-- MATERIAL FOR THIS EXERCISE follows --

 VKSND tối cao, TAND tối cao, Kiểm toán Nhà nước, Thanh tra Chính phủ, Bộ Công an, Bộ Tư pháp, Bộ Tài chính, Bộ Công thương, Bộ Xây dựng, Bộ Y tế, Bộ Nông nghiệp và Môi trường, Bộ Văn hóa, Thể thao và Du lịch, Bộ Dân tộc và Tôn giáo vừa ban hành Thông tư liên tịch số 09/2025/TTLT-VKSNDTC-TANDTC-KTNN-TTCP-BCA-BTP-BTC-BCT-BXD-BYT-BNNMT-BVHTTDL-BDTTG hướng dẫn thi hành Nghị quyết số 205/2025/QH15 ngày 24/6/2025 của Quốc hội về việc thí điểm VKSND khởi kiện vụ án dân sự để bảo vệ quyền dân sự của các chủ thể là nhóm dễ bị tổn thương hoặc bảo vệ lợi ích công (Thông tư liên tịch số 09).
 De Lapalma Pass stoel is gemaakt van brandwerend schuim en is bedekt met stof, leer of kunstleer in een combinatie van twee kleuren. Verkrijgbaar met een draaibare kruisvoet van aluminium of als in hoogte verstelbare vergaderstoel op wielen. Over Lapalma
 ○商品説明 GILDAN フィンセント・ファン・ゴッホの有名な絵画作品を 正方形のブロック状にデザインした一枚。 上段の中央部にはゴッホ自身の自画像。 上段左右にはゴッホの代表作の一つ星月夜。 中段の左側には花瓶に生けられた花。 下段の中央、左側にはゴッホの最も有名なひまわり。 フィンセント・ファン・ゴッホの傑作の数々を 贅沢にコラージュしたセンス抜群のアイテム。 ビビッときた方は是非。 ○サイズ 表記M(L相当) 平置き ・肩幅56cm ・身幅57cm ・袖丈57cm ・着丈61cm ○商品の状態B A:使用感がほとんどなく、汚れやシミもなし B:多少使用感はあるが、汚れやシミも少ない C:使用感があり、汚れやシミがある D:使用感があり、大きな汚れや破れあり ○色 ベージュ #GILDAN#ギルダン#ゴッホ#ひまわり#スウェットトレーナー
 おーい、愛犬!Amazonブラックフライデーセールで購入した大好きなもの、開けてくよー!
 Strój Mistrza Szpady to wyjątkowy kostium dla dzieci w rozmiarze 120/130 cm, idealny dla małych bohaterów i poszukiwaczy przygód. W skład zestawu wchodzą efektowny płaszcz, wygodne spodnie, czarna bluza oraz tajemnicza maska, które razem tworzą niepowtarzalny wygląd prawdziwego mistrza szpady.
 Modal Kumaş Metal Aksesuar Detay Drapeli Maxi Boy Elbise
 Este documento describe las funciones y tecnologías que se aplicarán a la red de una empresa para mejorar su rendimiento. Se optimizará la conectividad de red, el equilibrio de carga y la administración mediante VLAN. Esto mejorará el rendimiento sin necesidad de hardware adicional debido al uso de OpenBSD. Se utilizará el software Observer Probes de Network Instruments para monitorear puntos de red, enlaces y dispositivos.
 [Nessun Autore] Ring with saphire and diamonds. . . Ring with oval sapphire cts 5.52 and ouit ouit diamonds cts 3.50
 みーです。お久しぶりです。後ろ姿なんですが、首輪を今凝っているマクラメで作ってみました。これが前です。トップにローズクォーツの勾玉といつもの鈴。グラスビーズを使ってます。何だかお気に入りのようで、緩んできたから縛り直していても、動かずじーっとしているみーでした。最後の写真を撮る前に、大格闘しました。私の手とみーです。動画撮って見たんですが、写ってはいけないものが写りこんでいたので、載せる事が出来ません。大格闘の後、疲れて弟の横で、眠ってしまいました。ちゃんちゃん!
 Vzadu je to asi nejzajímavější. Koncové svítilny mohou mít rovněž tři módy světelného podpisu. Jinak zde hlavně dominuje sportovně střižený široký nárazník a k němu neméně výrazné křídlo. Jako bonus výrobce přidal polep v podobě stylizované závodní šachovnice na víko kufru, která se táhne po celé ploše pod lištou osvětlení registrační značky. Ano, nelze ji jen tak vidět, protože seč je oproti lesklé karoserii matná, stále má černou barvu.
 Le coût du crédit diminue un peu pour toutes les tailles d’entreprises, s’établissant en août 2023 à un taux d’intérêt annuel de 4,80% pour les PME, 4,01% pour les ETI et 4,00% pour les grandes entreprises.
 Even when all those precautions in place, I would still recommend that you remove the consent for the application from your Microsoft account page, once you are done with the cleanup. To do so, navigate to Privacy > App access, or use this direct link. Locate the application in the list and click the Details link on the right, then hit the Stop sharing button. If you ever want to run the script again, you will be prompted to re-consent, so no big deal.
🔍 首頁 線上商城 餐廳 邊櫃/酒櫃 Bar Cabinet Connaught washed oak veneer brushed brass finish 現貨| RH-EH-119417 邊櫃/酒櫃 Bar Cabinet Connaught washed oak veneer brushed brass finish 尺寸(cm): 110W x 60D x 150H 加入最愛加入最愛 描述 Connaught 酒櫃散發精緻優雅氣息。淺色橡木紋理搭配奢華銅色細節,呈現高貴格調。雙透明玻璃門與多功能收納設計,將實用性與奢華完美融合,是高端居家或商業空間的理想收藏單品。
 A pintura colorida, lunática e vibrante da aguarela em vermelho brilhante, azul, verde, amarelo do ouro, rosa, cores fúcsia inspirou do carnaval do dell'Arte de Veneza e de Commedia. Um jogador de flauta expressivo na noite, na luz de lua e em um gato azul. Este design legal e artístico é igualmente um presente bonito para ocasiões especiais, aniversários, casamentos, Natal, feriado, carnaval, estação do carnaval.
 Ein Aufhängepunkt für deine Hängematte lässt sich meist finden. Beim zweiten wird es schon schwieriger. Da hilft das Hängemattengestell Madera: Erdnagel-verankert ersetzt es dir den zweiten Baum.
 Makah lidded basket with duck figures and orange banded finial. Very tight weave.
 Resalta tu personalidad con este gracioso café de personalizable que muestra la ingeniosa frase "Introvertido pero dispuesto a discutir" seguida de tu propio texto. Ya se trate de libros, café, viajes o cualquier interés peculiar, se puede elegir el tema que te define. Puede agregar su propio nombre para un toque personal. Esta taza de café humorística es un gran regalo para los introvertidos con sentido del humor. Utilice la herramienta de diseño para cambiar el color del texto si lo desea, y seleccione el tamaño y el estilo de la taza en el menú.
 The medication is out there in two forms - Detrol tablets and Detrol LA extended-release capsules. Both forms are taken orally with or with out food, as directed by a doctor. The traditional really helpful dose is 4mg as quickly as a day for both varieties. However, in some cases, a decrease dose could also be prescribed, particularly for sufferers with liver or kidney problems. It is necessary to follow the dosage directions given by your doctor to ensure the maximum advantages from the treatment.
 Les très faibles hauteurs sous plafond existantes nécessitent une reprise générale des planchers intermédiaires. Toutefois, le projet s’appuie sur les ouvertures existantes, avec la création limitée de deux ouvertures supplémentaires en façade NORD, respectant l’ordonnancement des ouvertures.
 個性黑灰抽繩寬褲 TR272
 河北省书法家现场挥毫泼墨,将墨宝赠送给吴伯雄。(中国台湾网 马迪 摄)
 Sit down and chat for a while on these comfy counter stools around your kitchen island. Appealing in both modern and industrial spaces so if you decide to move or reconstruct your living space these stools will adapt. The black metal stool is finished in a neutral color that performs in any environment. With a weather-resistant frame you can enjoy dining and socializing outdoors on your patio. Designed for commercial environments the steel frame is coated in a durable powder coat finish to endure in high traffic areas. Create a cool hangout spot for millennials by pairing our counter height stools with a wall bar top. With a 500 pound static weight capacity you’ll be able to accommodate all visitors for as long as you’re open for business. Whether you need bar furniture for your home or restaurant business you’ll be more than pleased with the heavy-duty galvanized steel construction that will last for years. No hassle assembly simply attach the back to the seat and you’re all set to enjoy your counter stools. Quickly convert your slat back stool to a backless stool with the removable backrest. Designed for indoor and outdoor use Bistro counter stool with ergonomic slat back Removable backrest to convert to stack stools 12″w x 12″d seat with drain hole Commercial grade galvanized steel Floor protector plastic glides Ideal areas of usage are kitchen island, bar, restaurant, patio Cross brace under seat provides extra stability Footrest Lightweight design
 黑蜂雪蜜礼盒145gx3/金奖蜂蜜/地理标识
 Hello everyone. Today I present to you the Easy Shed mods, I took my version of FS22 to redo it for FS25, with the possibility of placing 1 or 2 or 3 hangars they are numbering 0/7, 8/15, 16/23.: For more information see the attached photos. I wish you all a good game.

-- MATERIAL FOR THIS EXERCISE concluded --

▶ _WHAT YOU WILL DO_
Each line above from the one with "Ein Aufhängepunkt für" up to and including the one with "Makah lidded basket" must be set down exactly, and no line outside that span may appear.

▶ _FINISHED EXERCISE_
 Ein Aufhängepunkt für deine Hängematte lässt sich meist finden. Beim zweiten wird es schon schwieriger. Da hilft das Hängemattengestell Madera: Erdnagel-verankert ersetzt es dir den zweiten Baum.
 Makah lidded basket with duck figures and orange banded finial. Very tight weave.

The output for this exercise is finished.